Madras H.C : The assessee is entitled for the claim for deduction under s. 33A(7), proviso (ii), of the Act as amended w.e.f. 1st April, 1982, at the rate of Rs. 35,000 per hectare

High Court Of Madras

CIT vs. Stanes Amalgamated Estates Ltd.

Section 33A

Asst. Year 1982-83

R. Jayasimha Babu & K. Gnanaprakasam, JJ.

T.C. No. 940 of 1990

11th June, 2001

Counsel Appeared

T. Ravikumar, for the Revenue : P.P.S. Janarthana Raja for M/s Subbaraya Aiyar, for the Assessee

JUDGMENT

R. JAYASIMHA BABU, J.:

The assessee is a company which carries on the business of growing and manufacturing of tea. It had claimed development allowance under s. 33A of the IT Act for the asst. yr. 1982-83 at the rate of Rs. 35,000 per hectare, the rate at which that allowance could be claimed for the asst. yr. 1982-83. That claim was negatived by the AO on the ground that the assessee had cleared and planted the estate in the years 1977-78 and 1979-80 and in those years the development allowance was allowable only at the rate of Rs. 12,500 per hectare. The assessee having taken up the matter in further appeal to the Tribunal which accepted the assessee’s contention, the Revenue is now before us questioning the correctness of the Tribunal’s view.

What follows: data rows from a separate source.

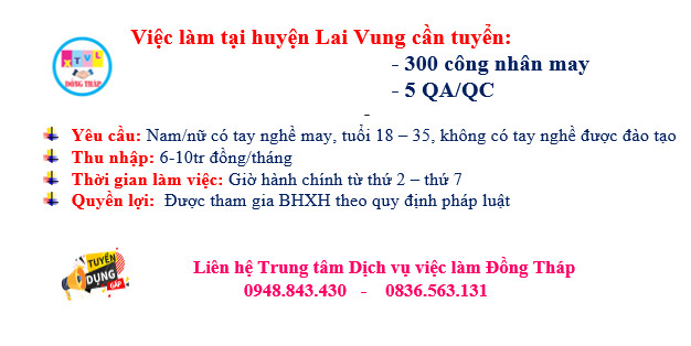 Huyện Lai Vung – Cần tuyển công nhân may và QA/QC
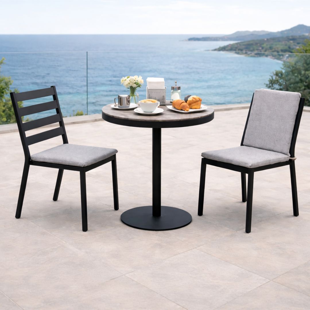 Conjunto de Mesa y silas ADELID 70 /GRACIELA perfecto para cafeterías y restaurantes que necesitan mesas compactas para dos personas. Su diseño funcional permite crear espacios acogedores con resistencia y durabilidad.
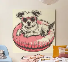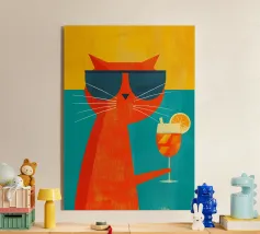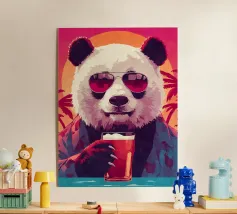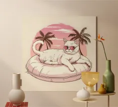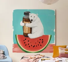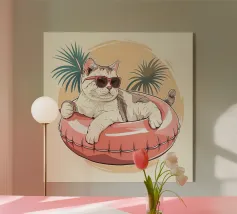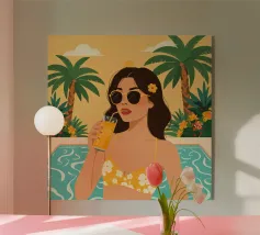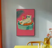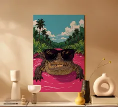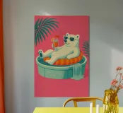 Un'illustrazione stravagante e vivace di un orso polare che vive la sua vita migliore: occhiali da sole, cocktail nella zampa e galleggiante in una piscina per bambini con una mini cascata. Su uno sfondo tropicale rosa caldo, quest'opera d'arte dona un tocco di umorismo e vibrazioni rilassanti a qualsiasi spazio. Perfetto per gli amanti dell'arte eccentrica, dell'estetica retrò e dell'atteggiamento rilassato. Che sia per il salotto, l'ufficio o la casa estiva, questo pezzo garantisce sorrisi.

2. The Tribunal while considering the question before it referred, inter alia, to the decision of the Kerala High Court in the case of Kilkotagiri Tea and Coffee Estate Ltd. vs. CIT 1978 CTR (Ker) 82 : (1978) 113 ITR 729 (Ker) : TC 28R.467 which interpreted s. 33A as permitting the claim for development allowance in the assessment year subsequent to the years in which clearing and planting had taken place, at the rate prevailing at the time of the claim. That decision of the Kerala High Court was subsequently confirmed in appeal by the Supreme Court in CIT vs. Kilhotagiri Tea and Coffee Estate Co. Ltd. (1996) 133 CTR (SC) 70 : (1996) 219 ITR 249 (SC) : TC S28.2926. The apex Court in that decision pointed out that development allowance under s. 33A may be given in asubsequent year and that allowance cannot be limited only to the year in which expenditure was actually incurred or the immediate next year thereafter. The Court observed that the very definition of the actual cost of planting indicates that a span of four years has to be taken into account for the purpose of computation of development allowance. The development allowance under s. 33A was to be granted in two stages. The first stage under cl. (a) provides for the computation in the first instance and will be limited to that portion of the actual cost of planting which was incurred during the previous year in which the land was prepared for planting or replanting, as the case may be. The development allowance under cl. (b) has to be given by computing the actual cost of planting once again as that clause provides that development allowance shall again be computed with reference to the actual cost of planting. The Court further went on to hold that there is nothing in s. 33A to suggest that development allowance for expenditure incurred in respect of the first two years must be calculated and claimed at the very first stage, that is, at the stage of the second year of assessment after planting of tea bushes.

3. The claim for allowance is to be in accordance with the rate at which such claim can properly be made in the year in which the claim was made. The assessee had the option to defer making the claim which it obviously had exercised. Before it made the actual claim the amount of the development allowance was enhanced. The assessee is entitled to claim the benefit of the enhanced amount as it is well settled that the law applicable to any assessment is the law that prevails as on the first of April of the relevant assessment year. The fact that some of the activities in relation to which the claim was made had been undertaken in the earlier years does not come in the way of such claim being made. It is the duty of the AO to apply the law as it stood in the year of assessment and it is not open to the Revenue to deem a repealed figure for an earlier assessment year as deeming to remain in the statute book in respect of the assessments in which the activity in relation to which the claim has been made had been undertaken in the earlier years. The Tribunal was, therefore, correct in the view it took and the question referred to us : “Whether, on the facts and in the circumstances of the case, the Tribunal is right in holding that the assessee is entitled for the claim for deduction under s. 33A(7), proviso (ii), of the Act as amended w.e.f. 1st April, 1982, at the rate of Rs. 35,000 per hectare ?” is answered in favour of the assessee and against the Revenue.